The problem >> Copy, exactly as written, the lines that begin at the one containing "TresCon® Uno 由中央控制器、分析模块和试剂托盘组成,可以安装在墙上。" and end at the one containing "Regístrese para el". Skip any pictures in the data below.

Recorded information >>
*** Begin section ***
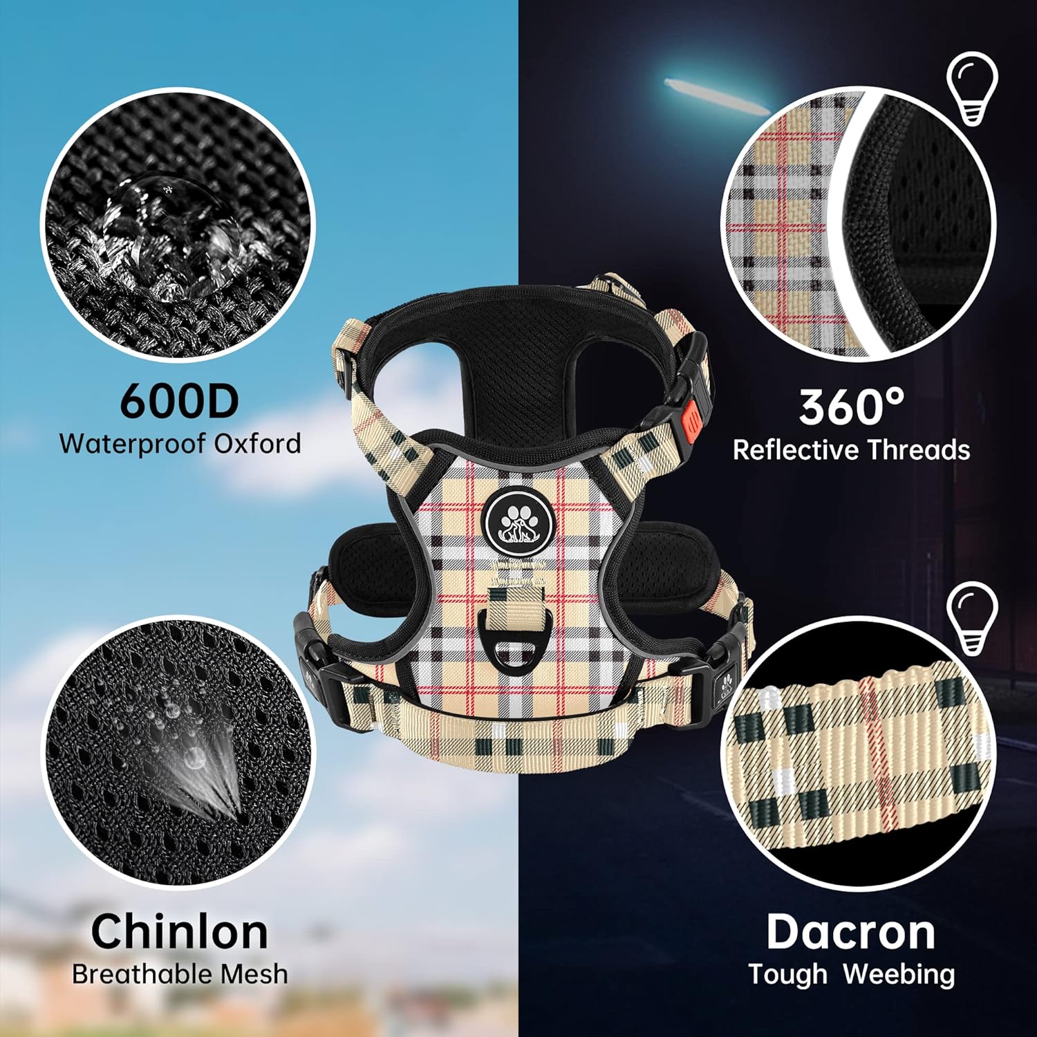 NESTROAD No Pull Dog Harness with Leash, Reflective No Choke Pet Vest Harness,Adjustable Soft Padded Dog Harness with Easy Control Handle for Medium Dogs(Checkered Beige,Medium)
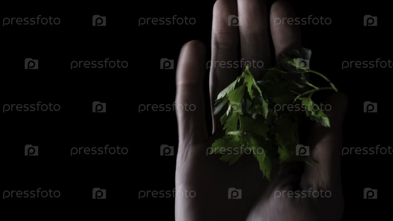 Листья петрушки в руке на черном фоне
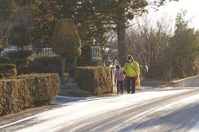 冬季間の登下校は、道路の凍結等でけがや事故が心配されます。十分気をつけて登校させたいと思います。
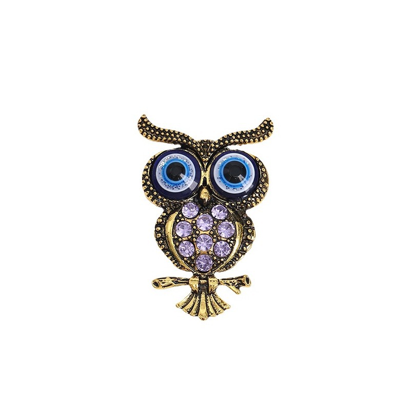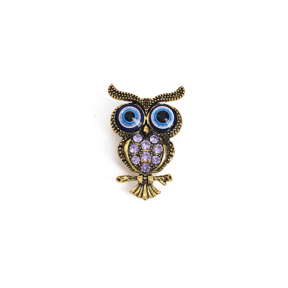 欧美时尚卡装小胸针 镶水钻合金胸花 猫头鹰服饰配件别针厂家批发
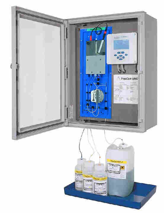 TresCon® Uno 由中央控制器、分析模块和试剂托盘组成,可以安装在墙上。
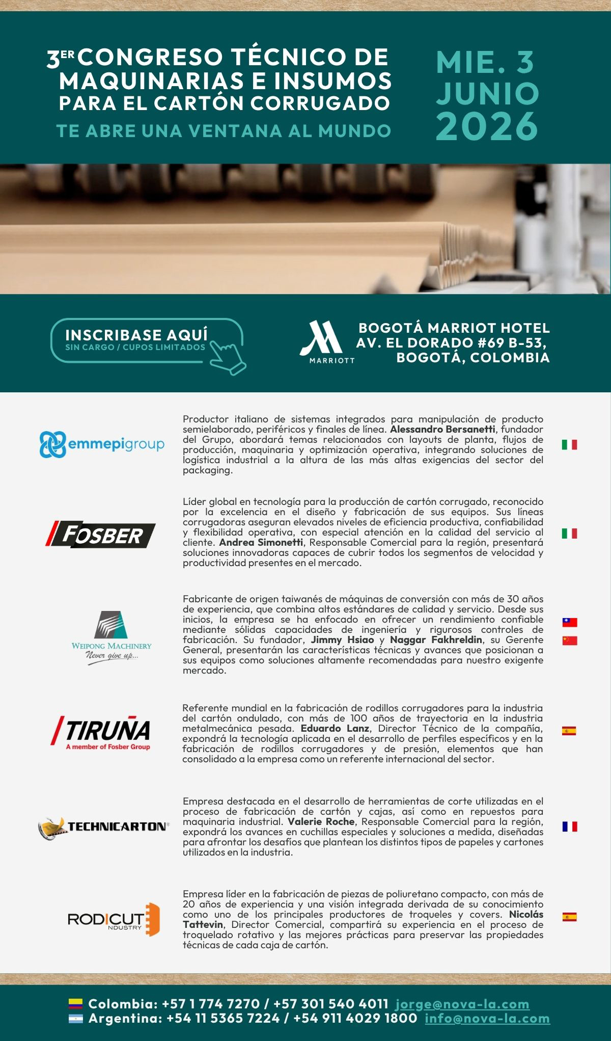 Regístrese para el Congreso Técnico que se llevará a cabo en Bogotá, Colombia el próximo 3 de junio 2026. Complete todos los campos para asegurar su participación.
*** End section ***
*** Begin section ***
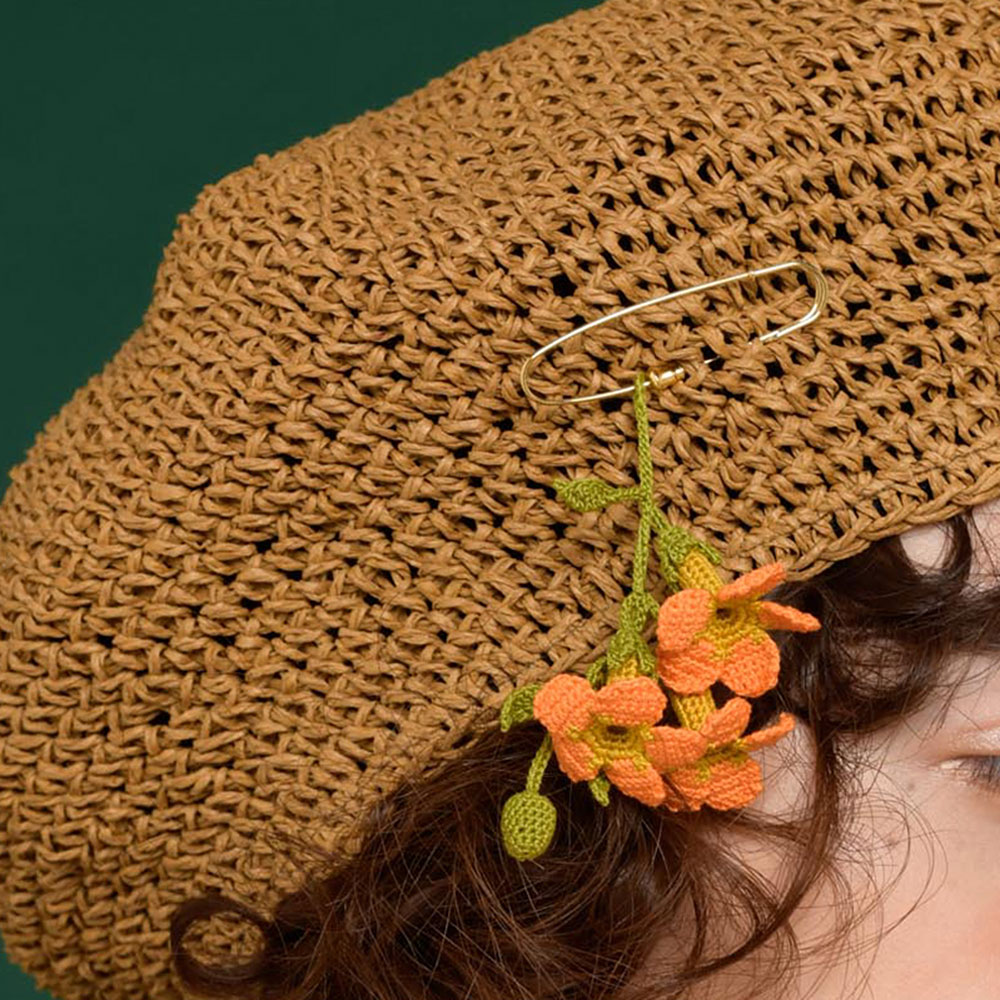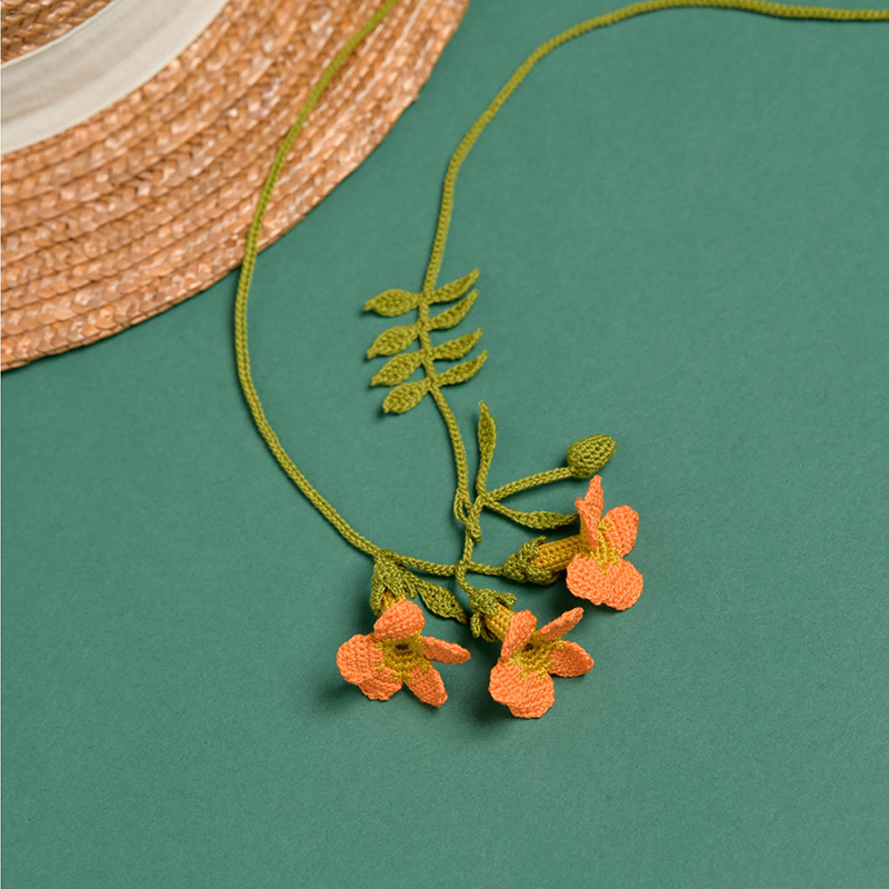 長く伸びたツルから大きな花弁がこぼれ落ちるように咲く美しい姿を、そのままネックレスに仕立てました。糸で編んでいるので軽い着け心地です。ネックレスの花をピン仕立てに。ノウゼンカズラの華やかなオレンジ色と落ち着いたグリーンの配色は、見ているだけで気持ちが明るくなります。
*** End section ***
*** Begin section ***
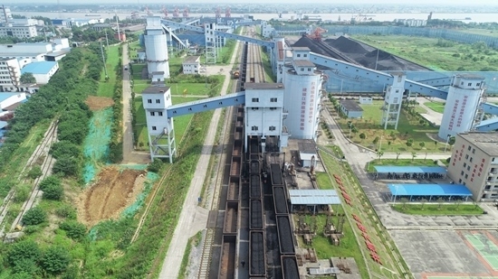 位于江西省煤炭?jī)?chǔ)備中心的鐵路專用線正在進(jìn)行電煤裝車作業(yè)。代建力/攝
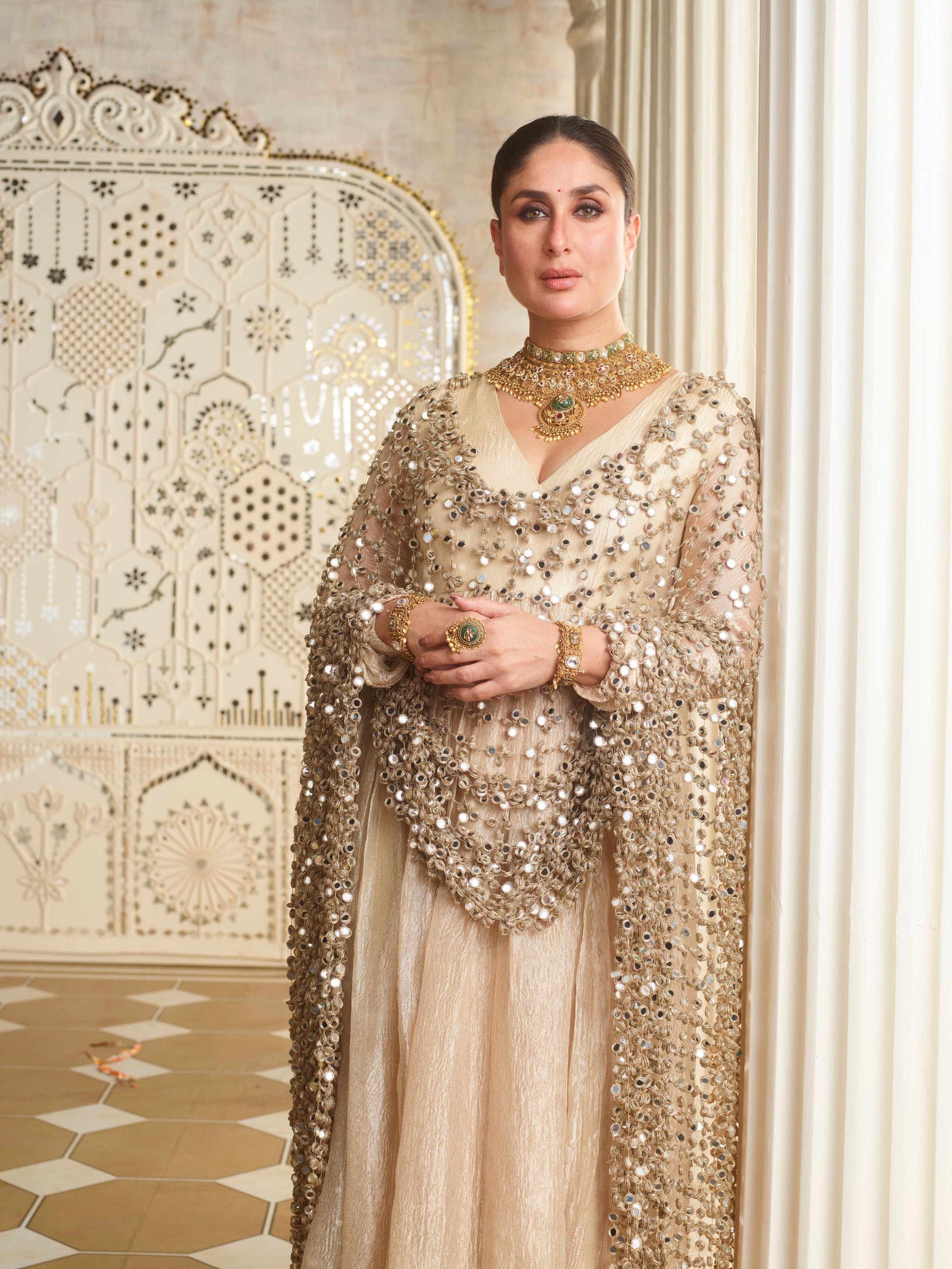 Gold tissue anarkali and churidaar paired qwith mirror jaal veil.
*** End section ***
Solution for this exercise >>
 TresCon® Uno 由中央控制器、分析模块和试剂托盘组成,可以安装在墙上。
 Regístrese para el Congreso Técnico que se llevará a cabo en Bogotá, Colombia el próximo 3 de junio 2026. Complete todos los campos para asegurar su participación.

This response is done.